Cool post. This I think will help a lot of people. 

You can also use turkey basters for cleaning the gravel in smaller aquariums, they do an awesome job. And you can find river rocks (stones) at petsmart for only a 1.99 each and they come in a few (pretty!) colors.


----------



## prettylittlefishy (Aug 12, 2010)

Oops! Forgot dechlorinator.. Knew I'd forget something..


----------



## Ariel1719 (Mar 29, 2009)

Awesome thread!


----------



## prettylittlefishy (Aug 12, 2010)

Thanks!!


----------



## nochoramet (Oct 2, 2009)

Great info! I'm glad to see you put this up, because so many people buy bettas on impulse and then freak out when they find out what really is required to take care of them. I've heard several of my friends (after I explain how bettas really need to be taken care of) say "That's too much money/work/time. I don't think I'll get one." So good job on posting this!


----------



## prettylittlefishy (Aug 12, 2010)

Thank you Nochoramet!!!


----------



## nochoramet (Oct 2, 2009)

I hate to say I was one of the impulse buyers, but thankfully I learned and shelled out the cash for my babies.


----------



## firefly0101 (Sep 6, 2010)

Guilty as charged for impulse buyer... but that goodness that we still had most of everything that I needed under my bathroom sink! All I needed was a Betta, my water additives and a hood for my 5 Gallon. 
And now Pinyin has first dibs on my paychecks... hehehe


----------



## Euphie101 (Aug 28, 2010)

I'm an impulse buyer as well, but you know, I researched a little after I got mine, found this, did some research, and now my boys get whatever they need. =P Ahh, they are my babies. <3


----------



## Cassandra90 (Aug 16, 2010)

I was an impulse buyer myself, but unlike a lot I am 20yrs. old and have a decent paying job to afford all my pets and bills and enough to put on the side to save. But it also helps living at home. I myself have a 55 gallon, 7 gallon, a 29 gallon Leopard gecko set up, an orange tabby cat. 

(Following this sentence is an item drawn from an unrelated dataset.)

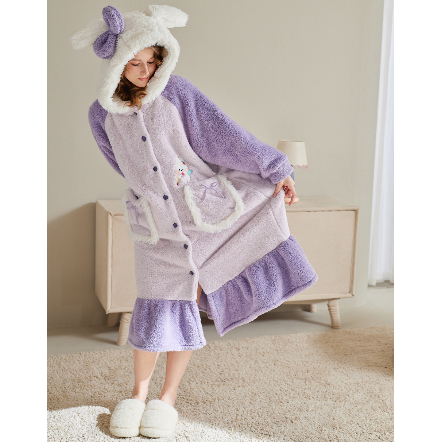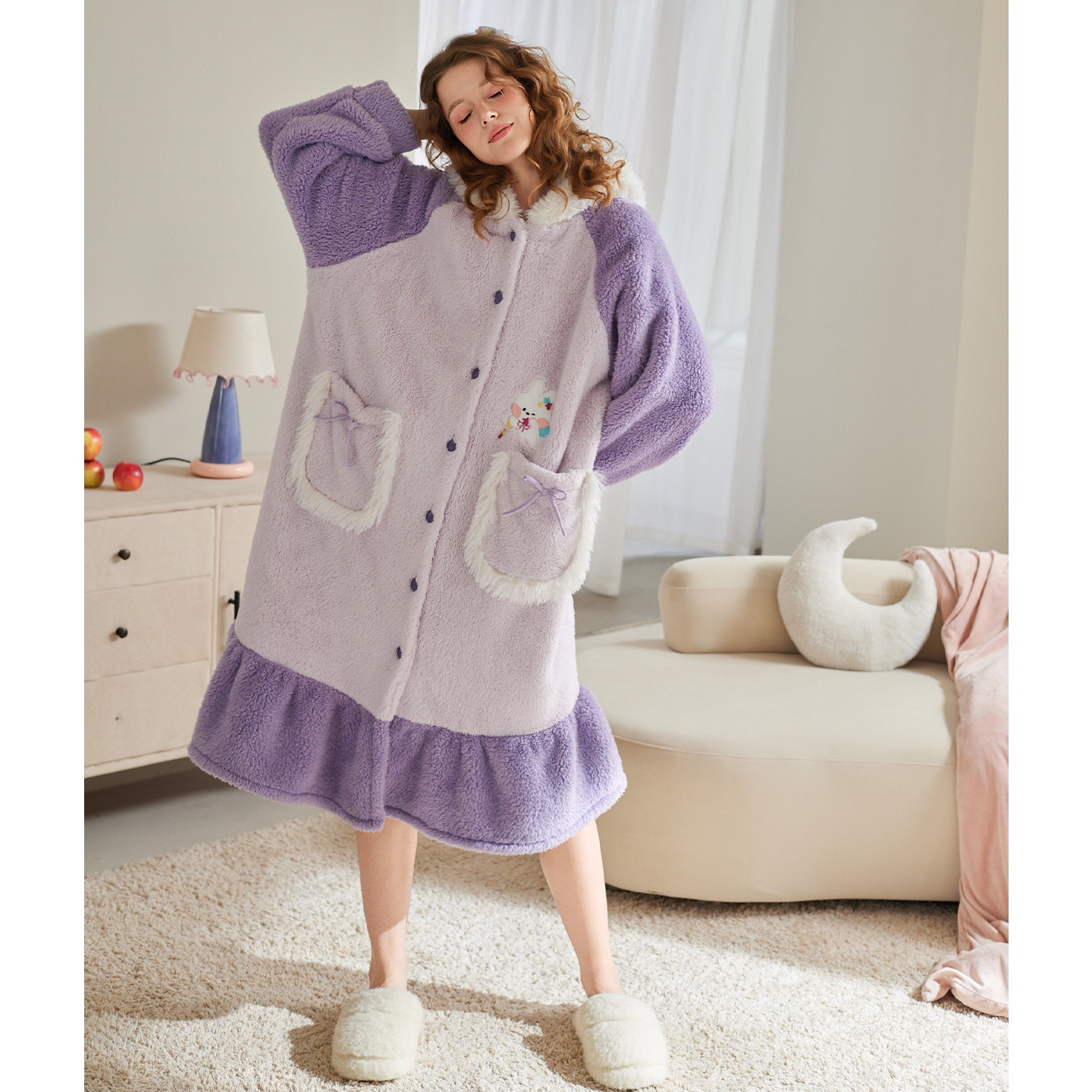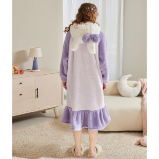 芬腾珊瑚绒睡袍连帽睡衣女秋冬季 睡裙家居服 可爱布朗熊法兰绒大码

With the betta I did my research after returning home with him, and he is content in a 7 gallon with silk plants, decor, heater and filter. I have the time to do the correct water changes with both tanks. Also I am able to drive myself when ever needed to grab something from the pet store. 

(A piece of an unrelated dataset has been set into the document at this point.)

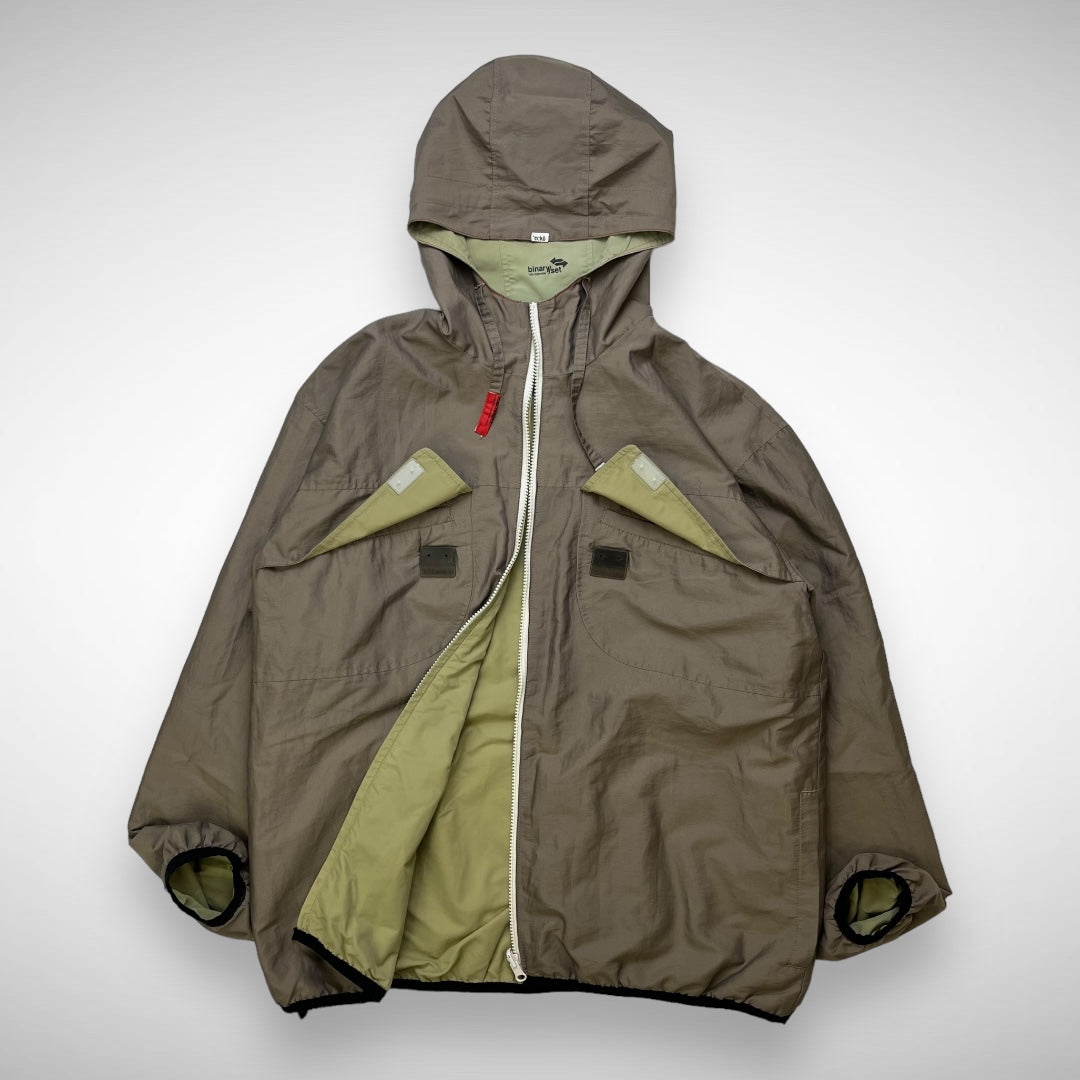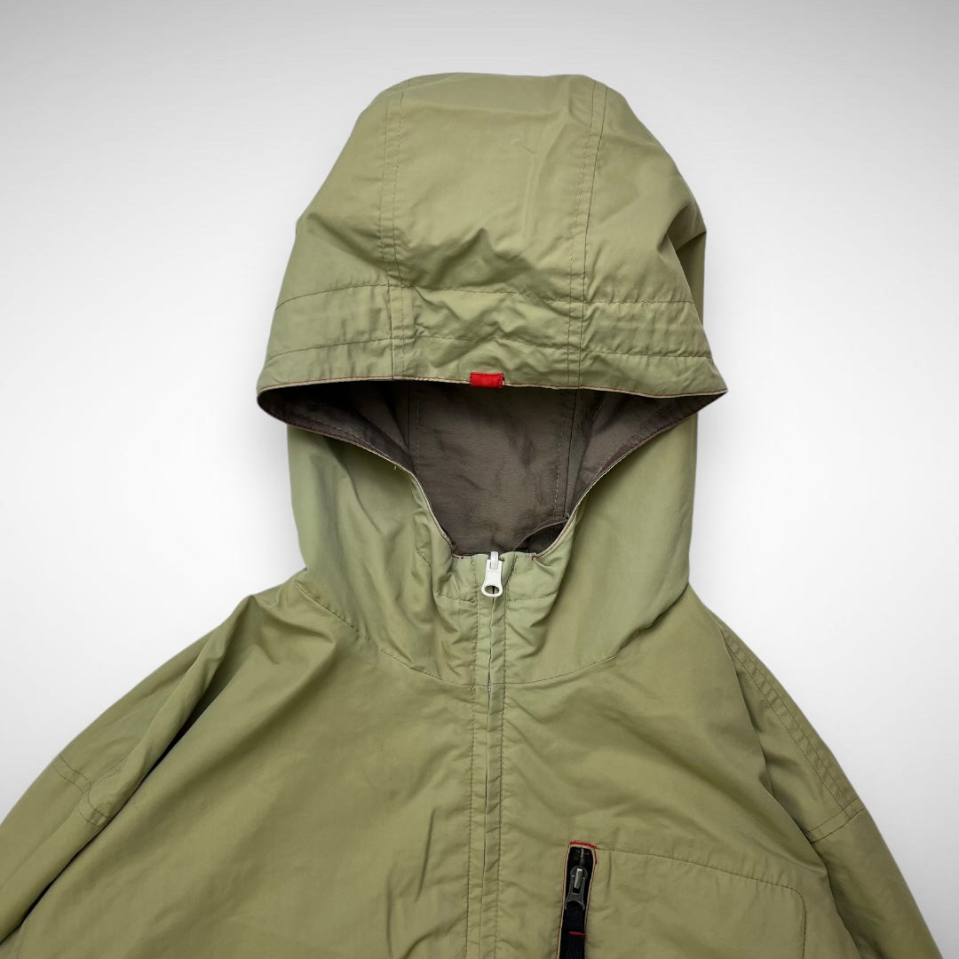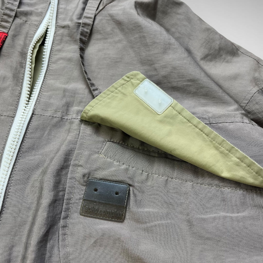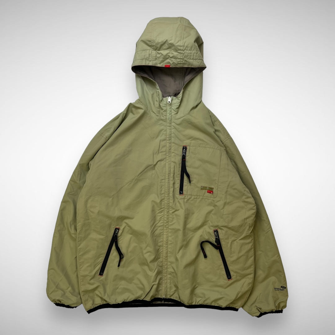 Superb jacket from the golden era of Ecko’s Complex Series featuring a reversible function in light green and brown with several details in red and white such as main zip closure, pull cords to adjust hood, flaps to uncover chest pockets with unique rubber closing-system, and triple zip pocketing on green side.

Pets take a lot of time and effort. And MONEY! Just because something is neat doesn't mean you have to waste your money on it. I know when I was young I almost wanted every pet possible, luckily my parents never gave in. I know when I was 13 my mind set was not on feeding the animals and taking care of them. It probably would slip my mind.


----------



## doggyhog (Apr 30, 2009)

This is great! Good job. 

I'm impulse buyer, but I almost always have an extra tank so it doesn't really matter. LOL


----------



## ForbiddenSecrets (Aug 15, 2010)

I was an impulse buyer who.... had never owned a fish before XD Now I have two and they seem to be enjoying their 3gal tanks and my compulsive nature to clean their water anytime I have time ^^;; 

My GF now has... 7 [since her filter just ate one of her girls it was awful] and while she complains loudly she still shells out the money they need for nice homes.


----------



## Capricorn (Sep 4, 2010)

Awesome thread!

I'd like to add that checking places like dollar stores can lead to some great finds for tank decor! I not only found tons of face silk plants (especially ivy.. fake plants can get pretty pricey. /: ) but also a large pack of ping pong balls to amuse my fish and many things that can be used as a fish hideaway... all for a dollar a piece! I'm in the process of helping a friend at work set up a betta tank, and the dollar store near me also carries those neat little dragon's tear stones in 1lb bags for $1 each. 

You'd be amazed at what you can find out there.


----------



## dew (Apr 9, 2008)

Just remember to be careful with those hydro mini heaters. They just raise the temp and do not turn of at a certin point. This can cause the temperature to fluctuate to much. A good heater choice is a smal 15 watt heater that should cost you no more than $15.


----------